Intuitively, this makes sense since in $\Bbb{Z}[x]/(x-2) $ we have $x=2$, and we clearly have that $\{a_0 +a_1(2)+a_2(2)^2+...\: a_i \in \Bbb{Z}\} \cong \Bbb{Z}$, as there is a bijection $\Bbb{Z} \to \{a_0 +a_1(2)+a_2(2)^2+...\: a_i \in \Bbb{Z}\}$ given by $n \rightsquigarrow n$ (i.e., just send each integer $n$ to the 'polynomial' where $a_i = 0$ for all $i>0$, and $a_0 =n$).

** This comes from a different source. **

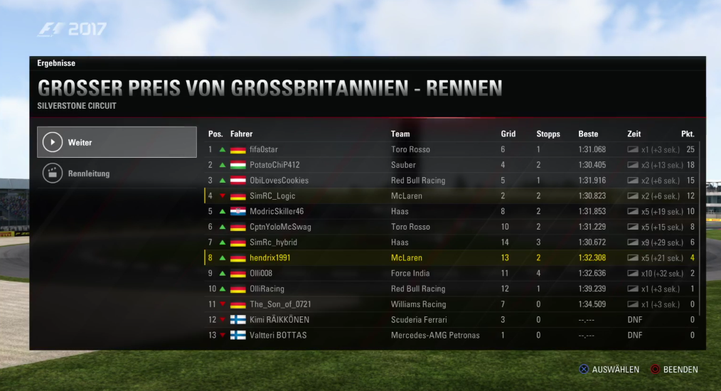 Rennen: Kurzer Text zum Rennen (Vorfälle, besondere Überholmanöver, Gedanken zu Boxenstopps, Undercuts usw.)

However, Artin states: "the principle ideal $(g)$ of $\Bbb{Z}[x]$ is the kernel of the homomorphism $\Bbb{Z}[x] \to \Bbb{Z}$ that sends $x \rightsquigarrow 2$, so when we kill $x-2$ in $\Bbb{Z}[x]$, we obtain a ring ismorphic to $\Bbb{Z}$."
I would like some help understanding what this actually means, and if my 'intuitive understanding' is correct. Also, is it always possible to simplify a quotient ring such as $\Bbb{Z}[x]/(ax-b)$ by saying $\Bbb{Z}[x]/(ax-b) \cong \Bbb{Z}[\frac{b}{a}]$? Thanks!